Вдруг метрах в четырех впереди выскочила куропатка. Выскочила из-за кустика и стоит. Повернула голову, смотрит одним глазом на Ваньку. Время от времени задернет глаз туманной пленкой. Подняла ногу, лапку сжала в слабый кулачок. «Вот так штука», — подумал Ванька, глядя на нее. А коричневые перышки на спине будто подсолнечным маслом смазаны, матово и мягко поблескивают на солнце. Такие гладенькие и пахнут так — Ваньке показалось, будто бабьей юбкой пахнуло. Ее захотелось погладить по серенькой в полосках макушечке.

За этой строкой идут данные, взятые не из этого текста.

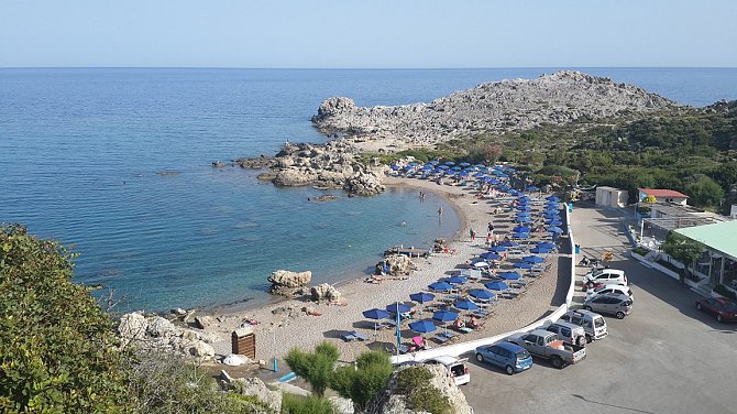Восточное побережье, пляж внизу и вид на Линдос

Стоят они, молчат. Она опять мигнула глазом и будто шевельнула — сжала чуть — беленькими коготками, шагнуть, что ли, хотела? «Не убегает». Ванька снял ружье. Стоит. Разломил его, вытащил стреляные гильзы, стал шарить в карманах, отыскивая патроны. Вывалился, шумнув по траве, спичечный коробок. «Вот дура, не улетает». Сунул патроны в ствол, щелкнул курком. Поднял ружье. «Стрелять или не стрелять? Лучше не надо», — и выстрелил. Послышался — как горохом по шубе — хлест, на коричневой спине вздулись, растаяв, бульки. Она ткнулась носом в траву, и ножка ее мелко-мелко задрожала. Он подошел к ней, смотрит. Ножка затихает… потом взял ее в руки. Она горячая, трепещет еще… как Зинина грудь, когда в первый раз обнимались на берегу речки. Точно такая же…
— И с тех пор не хочется что-то лазить по тундре, — закончил свой рассказ Ванька, — не интересно.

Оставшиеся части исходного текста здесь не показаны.